BELOWGROUND RESPONSES TO CLIMATE CHANGE Long-term enhancement of N availability and plant growth under elevated CO 2 in a semi-arid grassland

Summary 1. While rising atmospheric CO 2 has the potential to enhance plant growth and biomass accumulation, rates of these processes may be constrained by soil nitrogen (N) availability. Despite much effort, it is still uncertain how elevated CO 2 affects long-term soil N dynamics. 2. We used open-top chambers to examine the effect of 5 years of elevated atmospheric CO 2 concentration (720 vs. 368 p.p.m.) on N dynamics in a semi-arid grassland ecosystem in northeastern Colorado, USA. In the first year 0·5 g m ‐2 of ammonium nitrate-N, 99·9 atom% 15 N, was added to each plot.
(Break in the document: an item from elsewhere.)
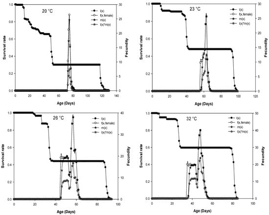 The average number of eggs produced by a D. opuntiae individual of age x and stage j per day is plotted as age-stage fecundity (fxj) in Figure 2. Because only females produce offspring, there is only one curve f (x, female) that represents the females’ life-history stage. The age-specific survival rate curves (lx) describe the change in survival history of the whole cohort with age when all stages are represented, and age-specific fertility (mx) is the number of offspring born per female [20,21,22]. The age-specific survival curves (lx) that were presented in Figure 2 are temperature-dependent. The curves for age-stage specific fecundity (fx, female), age-specific fertility (mx), and age-specific maternity (lxmx) showed several peaks, with the highest peaks observed at 26 and 32 °C (Figure 2).

We examined the effect of elevated CO 2 on N mineralization and plant N uptake by tracking the labelled and total N in plant and soil over the following 5 years. 3. Plant growth and plant N uptake remained significantly higher under elevated than under ambient CO 2 . The fraction of labelled N (expressed per unit of total N) in above-ground biomass declined over time, and this decline was greater under elevated CO 2 . The amount and fraction of labelled N in the soil did not change with time and was unaffected by elevated CO 2 . These results suggest that with time, N released from mineralization in the soil diluted the labelled N in aboveground biomass and that this dilution effect caused by N mineralization was greater under elevated CO 2 . More of the mineralized N ended up in the above-ground biomass of Stipa comata and forbs (C 3 ) than in Bouteloua gracilis (C 4 ) under elevated CO 2 . 4. Increased soil moisture under elevated CO 2 likely supported higher rates of N mineralization, thereby reducing N constraints on plant growth. Therefore, in semi-arid systems, plant growth and species composition responses to elevated CO 2 may be more persistent than in mesic systems where N mineralization is less constrained by soil moisture.